Get the CMR_USER and CMR_PASSWORD and base64 encode them:

echo -n 'cmr_user:cmr_password' | base64

To list your tokens:

curl --request GET --url https://urs.earthdata.nasa.gov/api/users/tokens -H 'Authorization: Basic <base64encoded info here>'

To revoke a token:

curl --request POST --url 'https://urs.earthdata.nasa.gov/api/users/revoke_token?token=<TOKEN here>' -H 'Authorization: Basic <base64encoded info here>'



To edit files inside container:

a. docker exec --user root -it ops_cumulus-utilities-app_1 /bin/bash
b. apt-get install vim
c. cd output
d. ls -l

## Monitoring execution for all Options:

1. Click on the link to be directed to the Operations page.
a.
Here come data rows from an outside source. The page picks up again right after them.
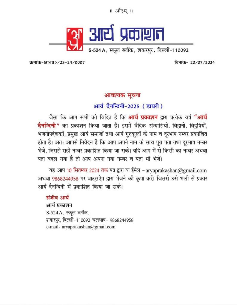 आर्य दैनन्दिनी-2025 (डायरी) जैसा कि आप सभी को विदित है कि आर्य प्रकाशन द्वारा प्रत्येक वर्ष “आर्य दैनन्दिनी” का प्रकाशन किया जाता है। इसमें वैदिक संन्यासियों, विद्वानों, विदुषियों, भजनोपदेशकों, प्रमुख आर्य समाजों तथा आर्ष गुरुकुलों के नाम व दूरभाष नम्बर प्रकाशित होता है। अतः आपसे निवेदन है कि आप अपने नाम के साथ पूरा पता तथा दूरभाष नम्बर भेजें, जिससे सही नम्बर प्रकाशित किया जा सके।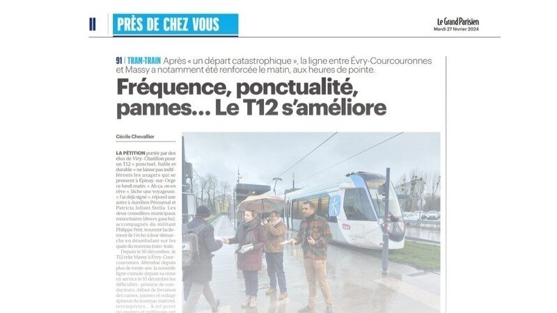 (...) « Cette ligne de tram-train, on y tient, insistent-ils. Elle désenclave certains quartiers et elle facilite le trajet de certains élèves. Mais elle a eu un départ si catastrophique que les gens ont été extrêmement déçus. Il faut absolument que la région présidée par Valérie Pécresse (LR) agisse auprès de l’exploitant pour rétablir l’offre de transport annoncée et améliorer l’information voyageurs. ». C. Chevallier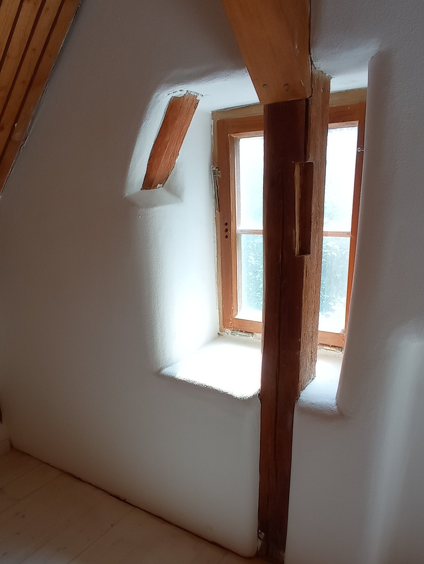 Sanierung Bauernhaus : Die Wandflächen aus Lehm wurden komplett mit Lehmbaustoffen verfestigt und saniert. Die organischen Formen wurden egalisiert. Als Finish wurde hier ein natürlicher Kalkfeinputz ,als Anstrich eine Sumpfkalkfarbe verwendet. Alles zusammen bereitete der Bauherrschaft grosse Lust mit ihren Kindern hier einzuziehen.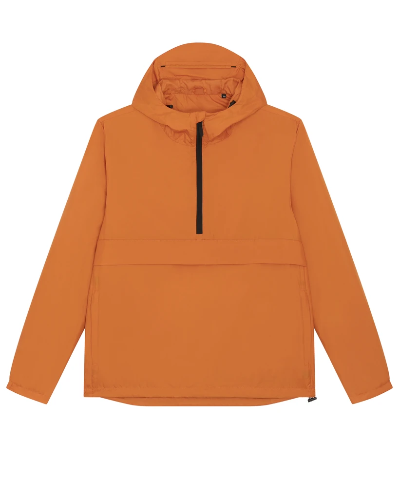 Material: 100% recyceltes Polyester, fluorfreie DWR; Gewicht: 75g/m²; Mittlere Passform, eingesetzte Ärmel, längere Rückenlänge mit abgerundetem Saum zum Schutz, unterer Saum mit verstellbarem Kunststoffstopper und elastischer Kordel, versiegelter Kapuzenschirm, doppellagige Kapuze mit verstellbarem Kunststoffstopper und elastischer Kordel innen, umgekehrter Nylon-Reißverschluss in der Mitte vorne mit Kinnschutz, Leistentaschen mit Reißverschluss und zusätzlichem Grosgrain-Puller, nicht funktionelle Klappe vorne und hinten, halbelastische Ärmelbündchen, Halbmond aus gleichem Stoff am Nacken, Innenreißverschluss am unteren Saum und Innenschlaufe mit Druckknopf am Armloch für einfachen Zugriff für Brustschmuck; Zertifikate: Global Recycled Standard (GRS), Fair Wair, STANDARD 100 by OEKO-TEX®, Peta - Approved VEGAN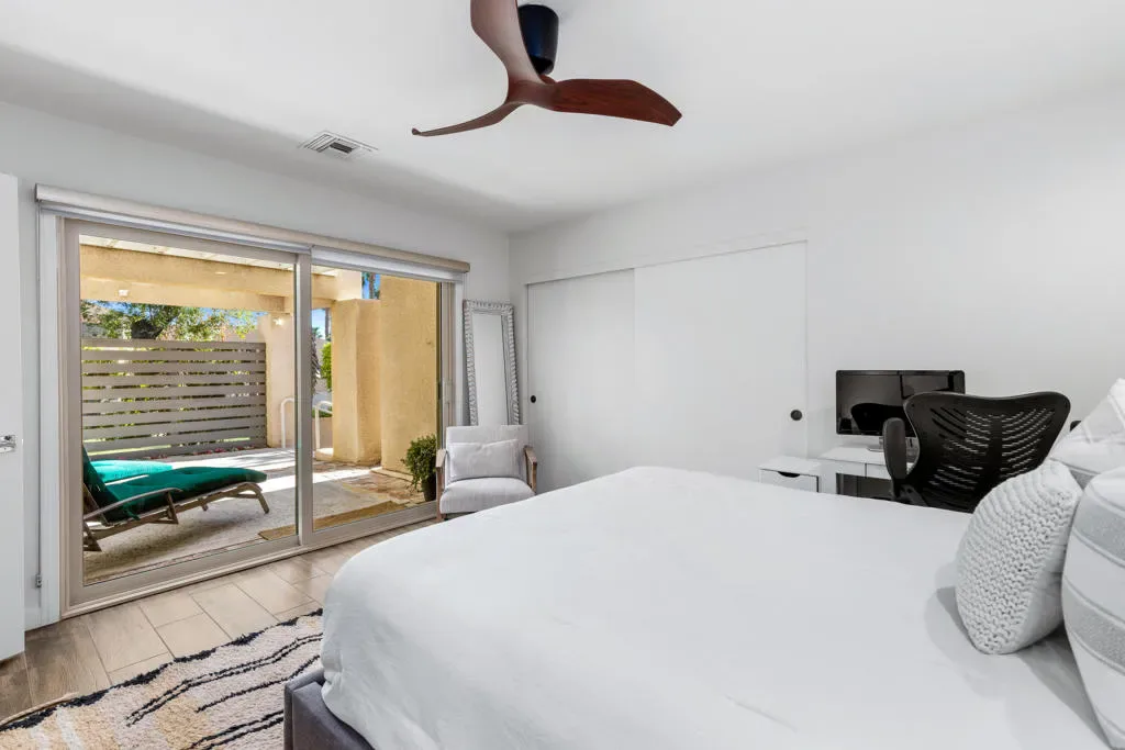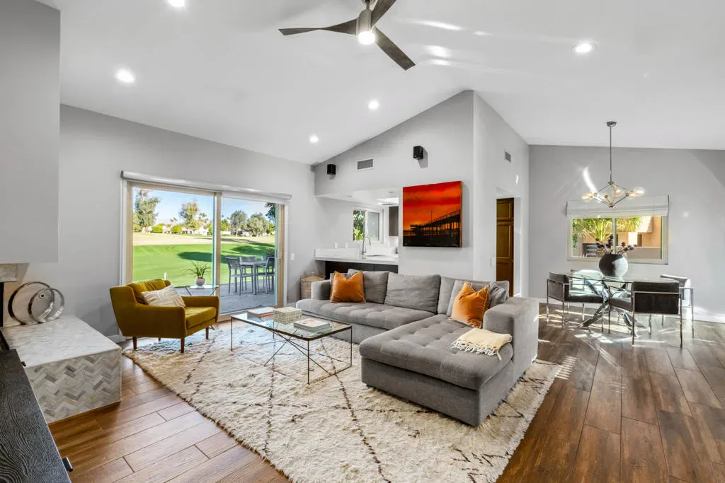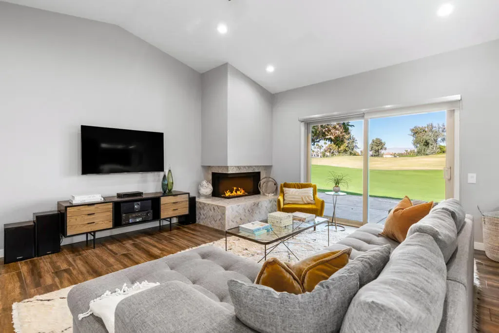 CURRENTLY RENTED – AVAILABLE – September 1, 2026. Beautifully remodeled 3bd & 2bath condo located in Mission Hills Country Club. This 1382sf, end unit with quadruple fairway views offers two primary ensuite bedrooms with large modern baths. The well sized third bedroom can be used as an office as well. The kitchen has Cambria quartz counter tops, stainless steal appliances, and plenty of cabinet space. The main living space is always filled with natural light , has vaulted ceilings, and a redesigned corner fireplace that is perfect to cozy up next to during the chilly winter nights. The front courtyard and back patio areas are the perfect spaces to enjoy your favorite beverage or relax and take in the midday sun. Please contact the listing agent for availability and rates. Available for seasonal or long term lease. Available Furnished or Unfurnished. Start enjoying your desert lifestyle today!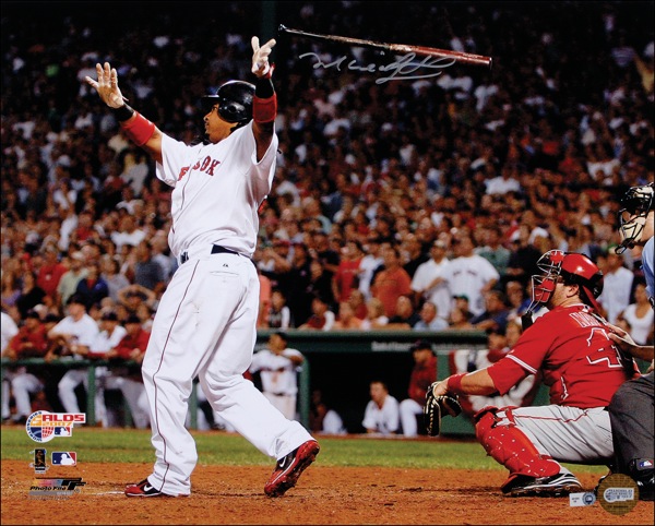 Color glossy 20 x 16 photo of Ramirez hitting a walk-off home run against the Angels in the 2007 ALDS, signed in silver ink. In very fine condition. Auction LOA Steve Grad/PSA/DNA and R&R COA.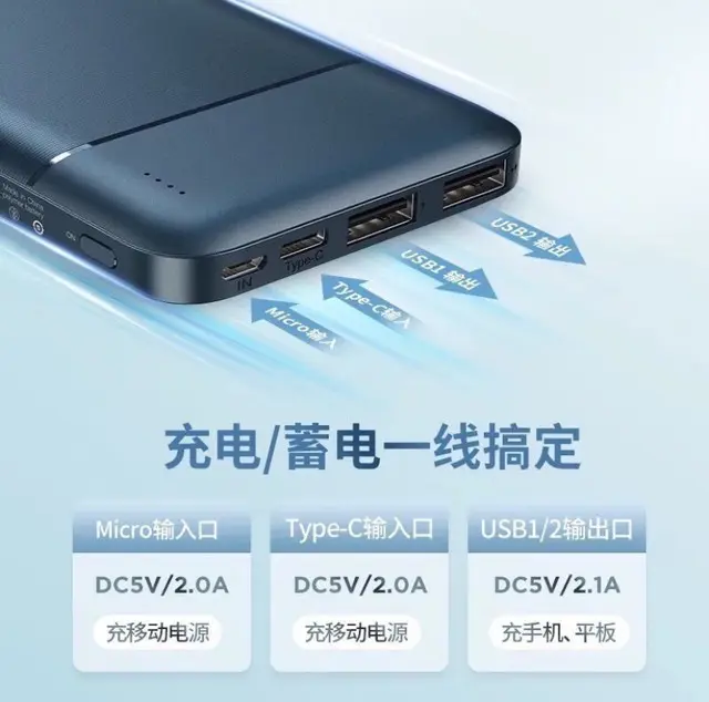 - 6300mAhMicro Input: 5V=2.0AType-C Input: 5V=2.0AUSB Output: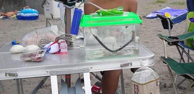 満足満足で、引き続き、人の少ない浜で泳ぎ、まだま遊ぶ・・。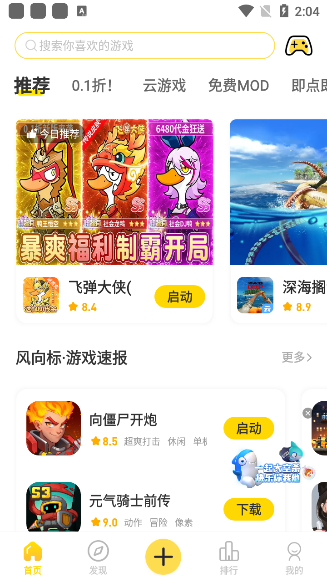 在本站下载闪玩App并打开软件,在首页可以看到许许多多的热门游戏;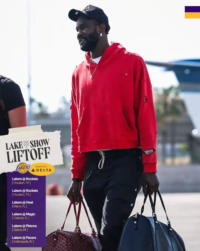 赛前,湖人社媒分享湖人众将奔赴休斯顿的登机照片组图,卢卡-东契奇等球员出镜。
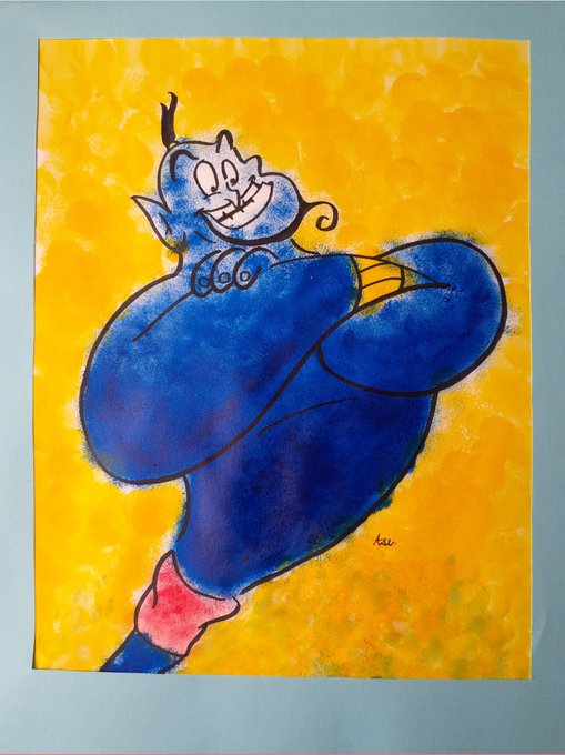 今日は大好きな作品のひとつ『アラジン』の公開日ということで、ジーニーを描いてみました🧞♂️✨ 線は筆、色は絵の具ポンポン手法?を使って塗っています。相変わらずムラあり、はみ出しありと下手くそですが、写真アップいたします🙇 #アラジンスクリーンデビュー #ジーニー #今月描いた絵を晒そう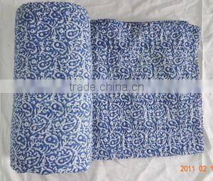 Indigo Blue Hand Block Print Cotton Machine Quilt Ekat Print Cotton Quilt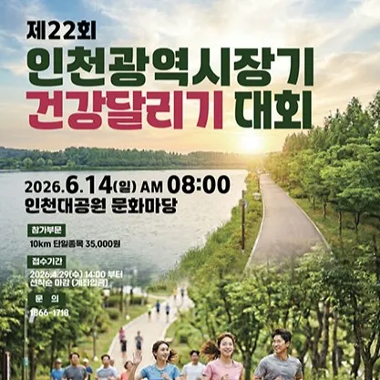 2026 인천광역시장기 건강달리기 대회 안내해 드리겠습니다. 2026년 제22회 인천광역시장기 건강달리기 대회 대회가 6월 14일 개최됩니다. 대회 신청, 대회 코스, 대회 기념품, 대회 일정, 기록 조회, 환불 등 자세히 알아보겠습니다.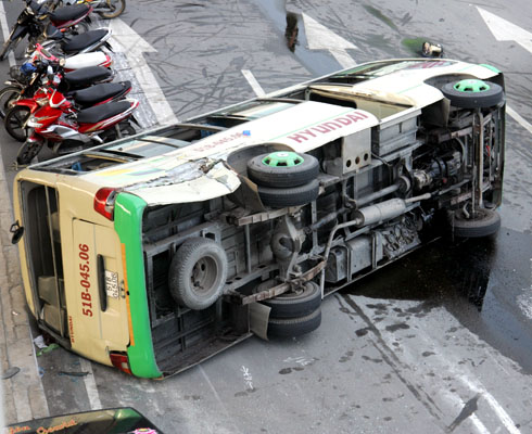 Bám xe đang xuống dốc, 5 học sinh thương vong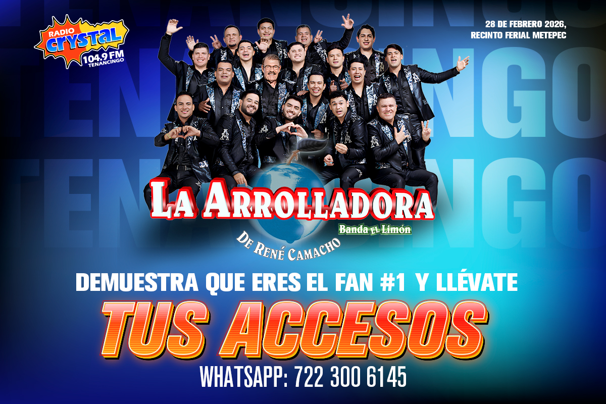 En Radio Crystal Tenancingo 104.9 FM estamos regalando cortesías dobles para el concierto de La Arrolladora, que se llevará a cabo el próximo 28 de febrero en el Recinto Ferial de Metepec.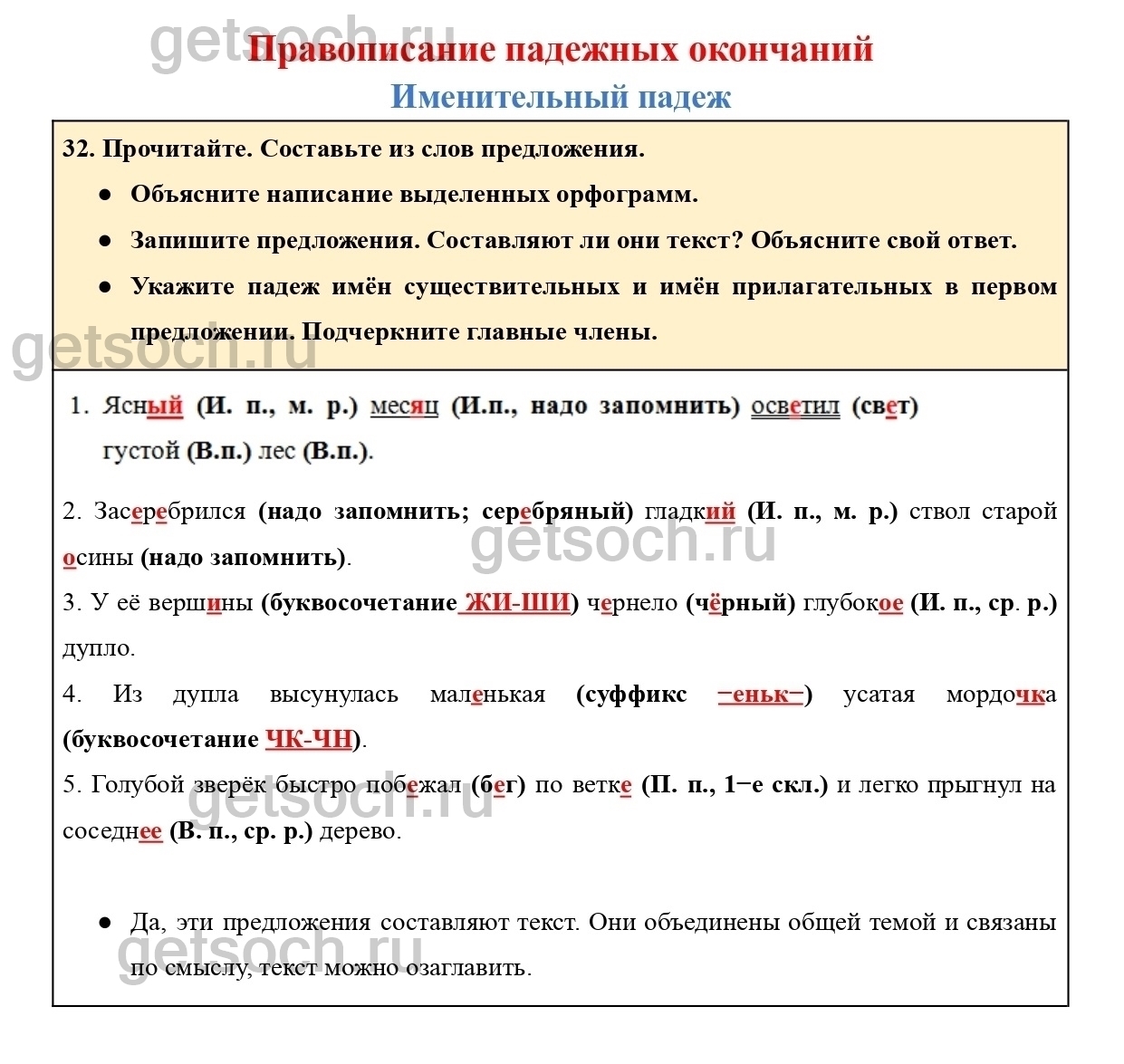 Рассмотрим ответы на Упражнение 32 из учебника по русскому языку для 4 класса Канакиной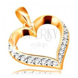 Az 585 arany medált egy szimmetrikus szív körvonal alkotja, amelynek a vonalai enyhén csavartak. A medál alsó részét fehér arany réteg és beültetett, átlátszó cirkóniák díszítik. A medál felső rész fényes és sima. A láncra kerülő szem hosszúkás alakú és felfelé haladva enyhén szélesedik. Medál átmérője: 14 x 14 mmMedál súlya: 0,7 gLáncra kerülő szem szél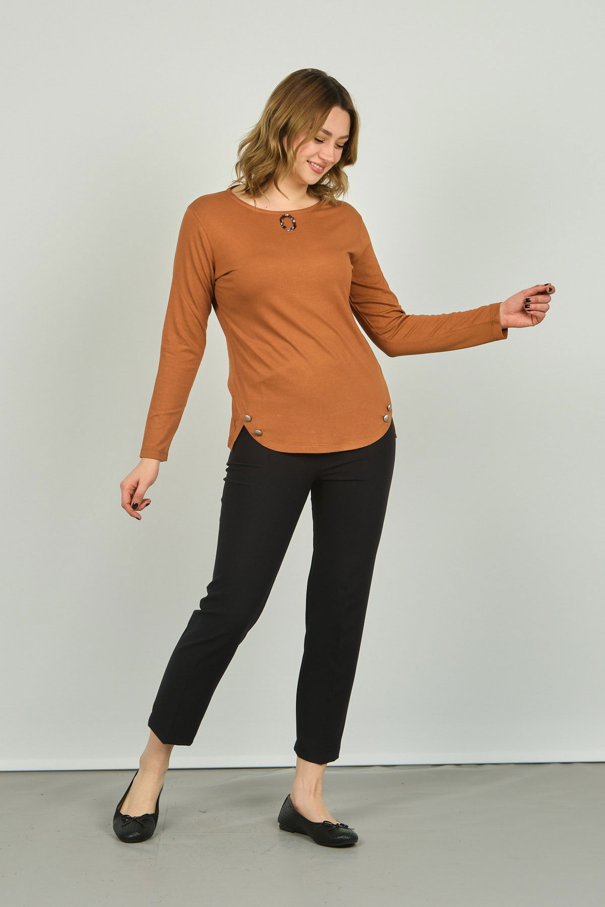 Sistas Kadın Süs Düğmeli Uzun Kol Bluz 23538 Camel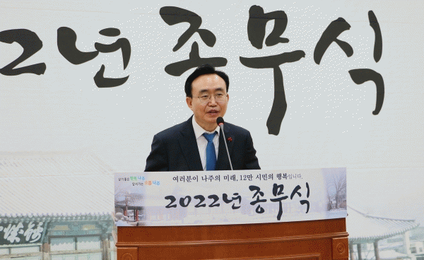 [¹Ìµð¾îÀü³² ¹Úº¹»ê ±âÀÚ] Àü¶ó³²µµ ³ªÁֽð¡ 30ÀÏ ½Ãû»ç ´ëȸÀǽǿ¡¼ 2022³â Á¾¹«½ÄÀ» °®°í 2023³â ¡®20¸¸ ±Û·Î¹ú °¼Òµµ½Ã ³ªÁÖ ¿ø³â¡¯ ½ÇÇöÀ» ´ÙÁüÇß´Ù. Á¾¹«½ÄÀº À¯°ø ǥ⠽ûó, 2022³â ½ÃÁ¤ ¼º°ú ¹× 2023³â ½ÃÁ¤¿î¿µ ¹æÇâ ¿µ»ó¡¦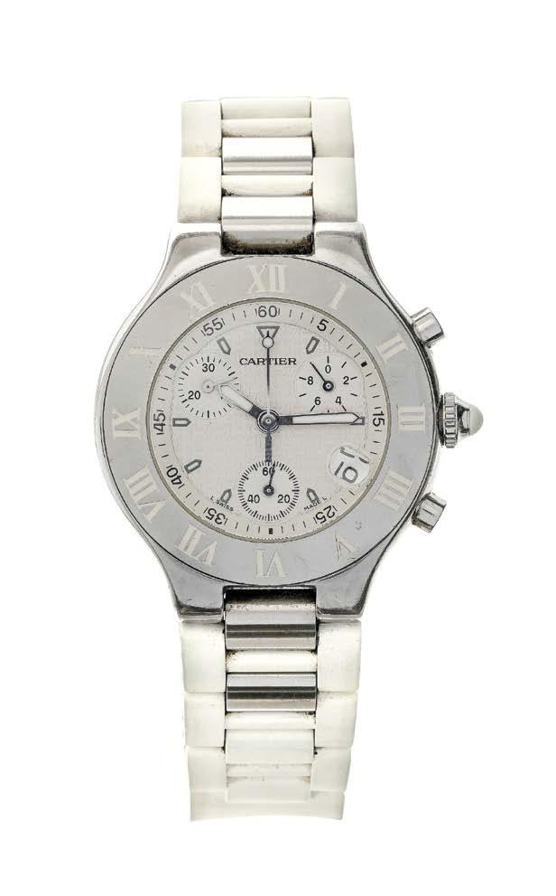 38. Cartier, Chronoscaph 21, montre chronographe à quartz ronde Cadran blanc à trois compteurs, chiffres romains blancs sur la lunette, index et aiguilles argentés luminescents, date à guichet à 4 h, bracelet blanc à boucle déployante, acier inoxydable, D 38 mm 600/800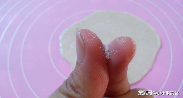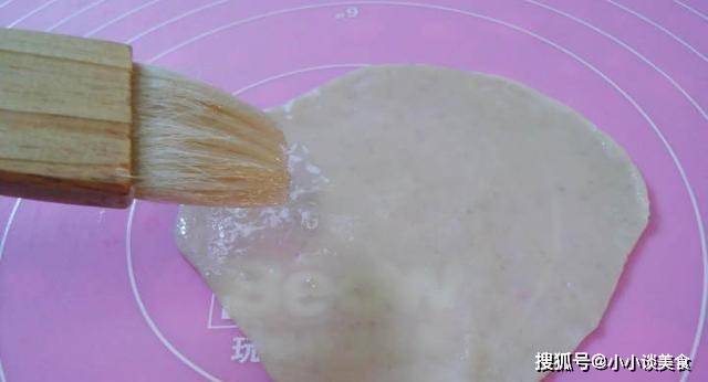 取一片餃子皮攤開,抹上一層油,不要太厚。

Verify that the bulk action is running and the status of the event when completed. For example:
![Execution graph of SIPS ParsePdr workflow in AWS Step Functions console](../assets/image2020-11-30_10-57-12.png)

## Removing an Access Constraint:

Follow the same procedures, assigning an access constraint value of 0 (assuming 0 is not restricted).